朝だって本当に涼しいから、朝ご飯にアツアツのカフェ・ラテを、クーラーなど存在しない家の中で飲むことだって全く苦ではない。東京のあの不快な蒸し暑さが嘘のようだ。とはいえさすがに昼間は暑いし、何と言ってもニッポンと比べて日差しが強い。しかし一歩日陰に入ってしまえば、さーっと汗が引く。夕方7時ごろになると吹く風も違ってくる。そのまま夜21時ごろまでは明るいから、イタリア人はみなこぞって外へ出る。夏のバンヌッチ通り(チェントロのメイン通り)は夕方から夜にかけてが一番大賑わいを見せるのだ。気持ちよくなってきたね、散歩にでもいこうか、ご飯前にちょっと軽く一杯・・・こんな感じでこの時間帯はイタリア人にとって(少なくともペルージャの)外出ベストタイムなのである。

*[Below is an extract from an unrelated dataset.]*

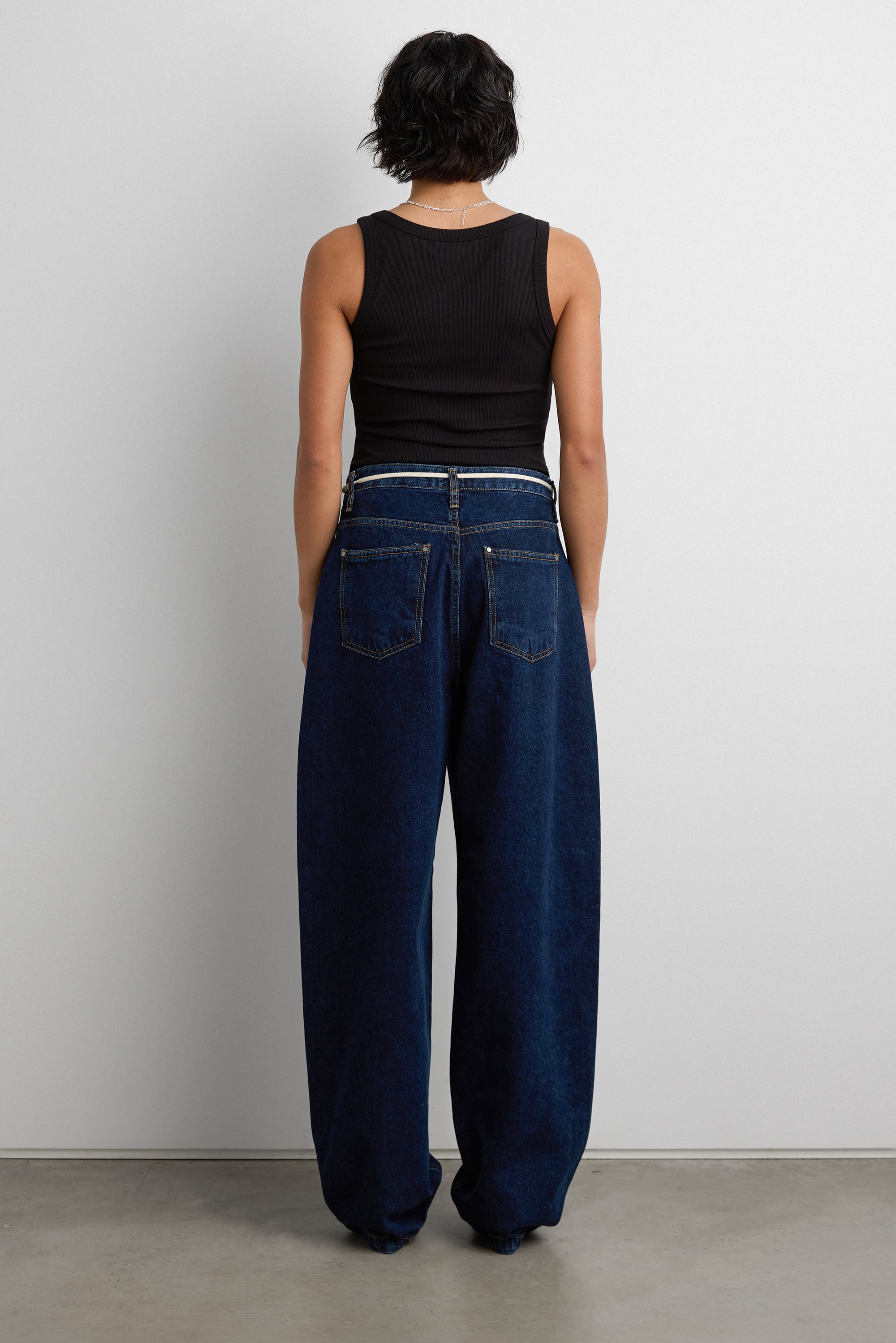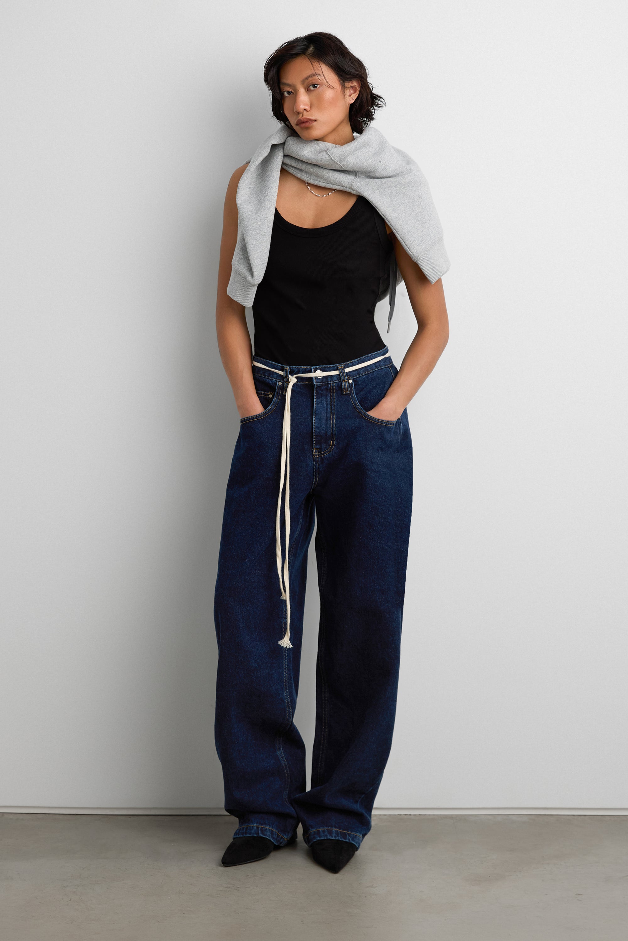 These classic jeans are made in a relaxed fit in a dark denim wash. It feature a high-rise waist with a shoelace belt, a barrel leg cut and a 5-pocket design.

8月15日はFERRAGOSTO(フェッラゴスト=聖母被昇天の祝日)といって以降約1週間が祝祭日となる。まあ通常1ヶ月バカンスをとる国であるから、この1週間はあまり意味がないかもしれないが。そもそもイタリア人は8月はまるまるバカンスをとる。多くは帰省する。学生などは7月に入ってテストが終了するや否や、荷物をまとめて実家へと旅立つ。そして9月になるまで帰ってはこない。何がそうさせるのか、彼らをそこまで帰省と促すものは何なのか分からないが、夏の間ペルージャに残るのは生粋のペルージャ人と外国人のみである。明らかに街の人口は減り、外国人率が倍増する。

ここ1週間、ほぼ毎晩どこかで野外コンサートが行われている。先日チェントロ11月4日広場で開催されたクラシックコンサートも非常に可愛らしいものだった。その殆どは観光客とペルージャに残る外国人、それからなんらかの事情で帰省が遅れているイタリア人だったが、年越しのお祭りと同じくらいの人出であったのにはさすがに驚いた。思えば初めての夏はわたくしはさっさとスペインへ渡り、ペルージャに帰ってきたのは9月だった。次の夏はバイトに明け暮れ、2,3箇所掛け持ちしていたから、とてもじゃないがゆっくりチェントロで散歩をする余裕もなかった。今までペルージャにいながら、ゆっくり8月の街を見たことがなかったのである。

それにしても東京の蒸し暑さ、仕事が終わり満員電車に揺られて地元の駅につき、待ち構えたかのように顔をなでるムッとした空気が、信じられない。